So today FA Cup Vinyl took a day trip to Leeds, one of the capitals of the North, apparently. Now while we like Leeds, we can't help but be annoyed by what we saw today, so being the amazing people we are (some would argue cynical), FA Cup Vinyl noted the top 5 things we hated seeing in Leeds.
1. The Christian lunatic that stands in the street with a microphone: Now we know every city may have one and we shouldn't discourage Leeds as the only city for having it, but seriously get a grip. Stop forcing religion down people's throats during their lunch break when all they want is a Starbucks, not to be told they will burn in hell.
2. The Majority of girls between the age of 16-18: You are not in Made In Chelsea, so stop acting like you are, a stupid air head with a lot of money and spending it on pointless things... come to think of it. Oh and shopping in Jacks Wills does not make you a better person, in our eyes it makes you worse.
3. The Man wearing Yeezy 2's: JUST LOOK AT THEM, THEY'RE AWFUL! Also this man appeared to be wearing leggings, that means two things: 1) You're wearing Yeezy 2's, that means you're automatically a prat. 2) Leggings? You're male and they were brightly coloured blue, are you on drugs?

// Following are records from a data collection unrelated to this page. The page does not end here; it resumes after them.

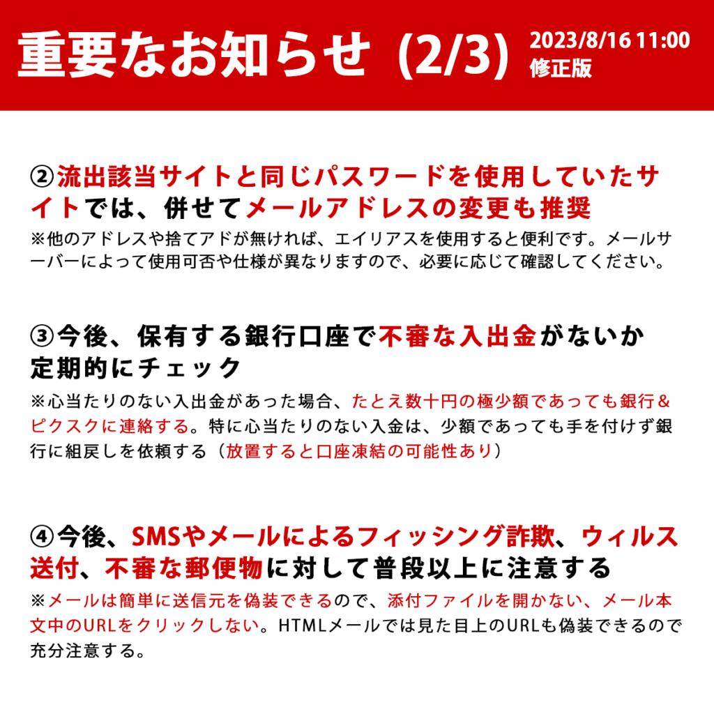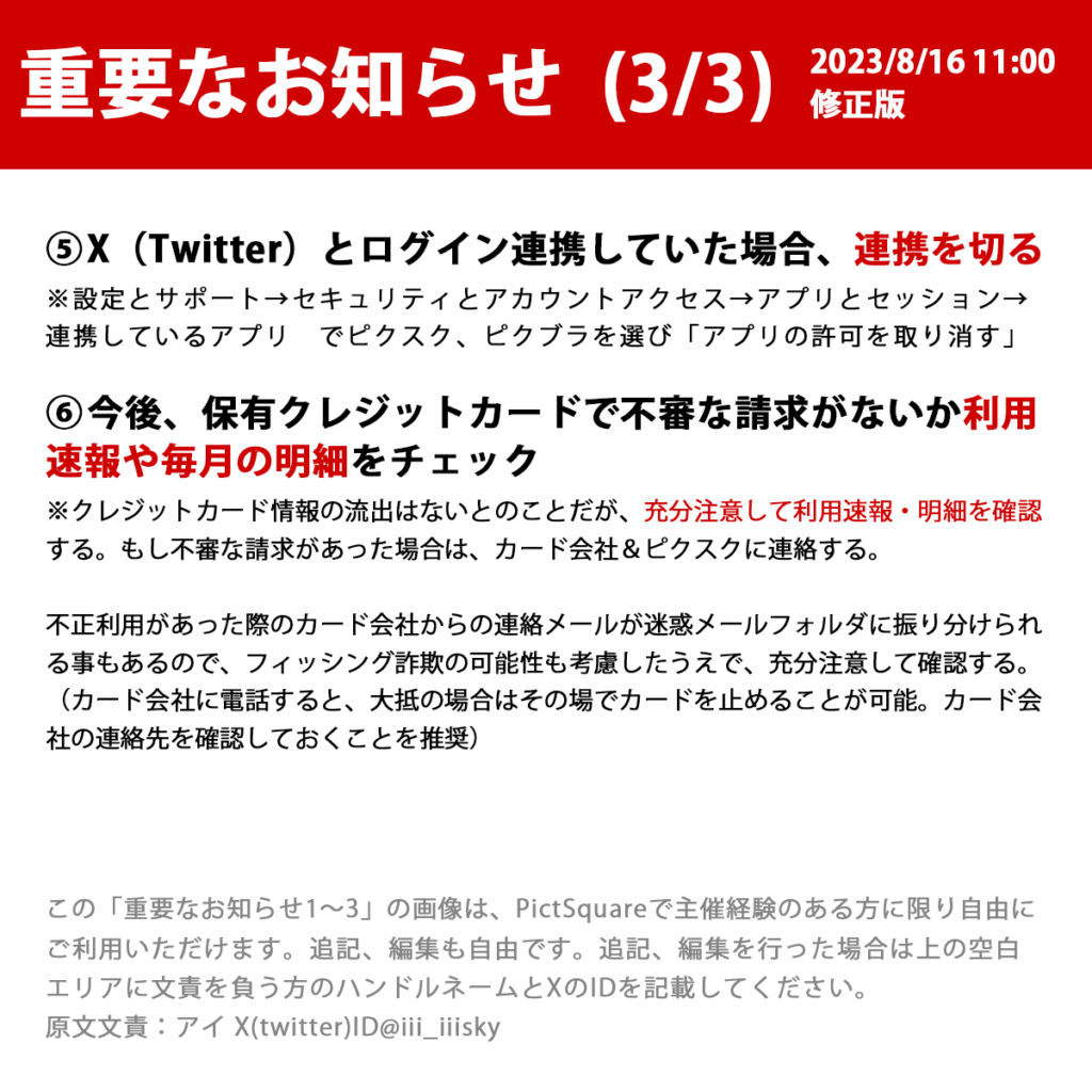 - 専門機関による調査が完了するまで、pictSQUAREサーバーは停止。
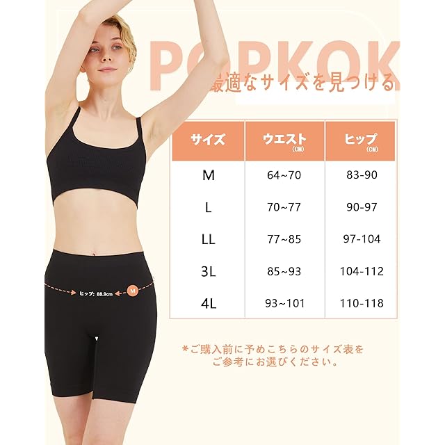 【サイズ情報】ポップコーの3分丈スパッツレギンスはMから4Lまで全5種類のサイズが揃っています。ぴったりの一枚をお届けいただけるために、ご購入前に予めこちらのサイズ表をご参考にお選びください。最適なサイズを選択する時、実際の体型に合わせてサイズを変更することをお勧めします。弊店の商品についていかなる質問または提案があれば、お気楽に弊店までご連絡してください。何とぞよろしくお願い申し上げます。
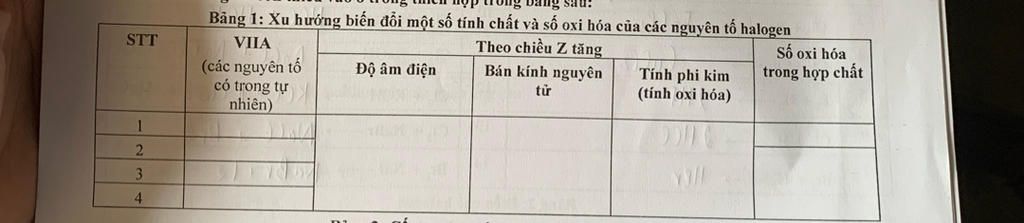 Bảng 1: Xu hướng biến đổi một số tính chất và số oxi hóa của các nguyên tố halogen
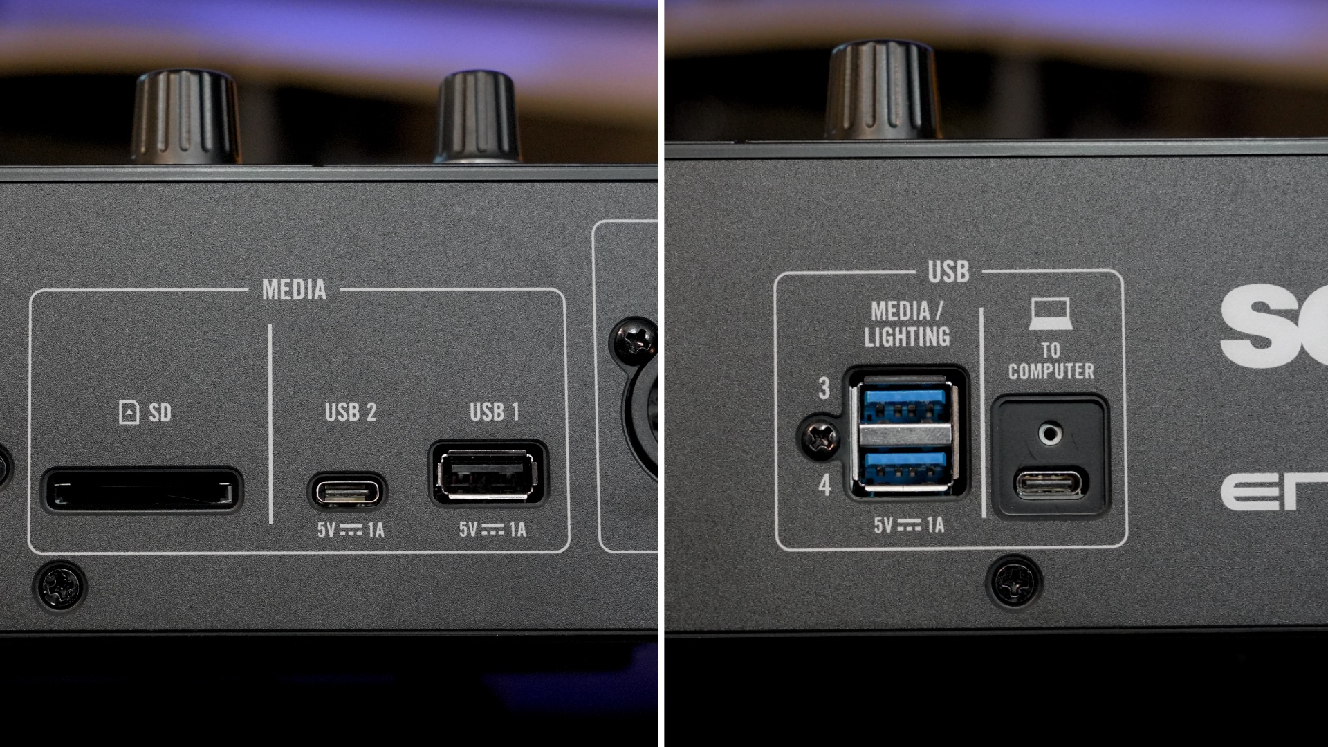 - Other USB: USB-C (computer) and 2x USB-A (media/lighting)

4. Those pretentious folks who sit inside Pret A Manger on their laptops thinking they're big shots: Enjoy filling out that online application for Monsoon, Mr. Big Shot.
5. The clipboard woman who stopped us in the middle of the street to ask a few questions: We obliged because we're friendly and know it's a miserable job, she then proceeded to become annoyed with us because we were too young to fill in her survey and claimed we had lied deliberately to avoid taking part.
So all in all, it's not really Leeds itself that annoyed FA Cup Vinyl, it was the people plus the weather was miserable whic didn't help, so the message you should take from our adventure is not don't go to Leeds, you should do it's a lovely city, it's not to end up as miserable bastards like us.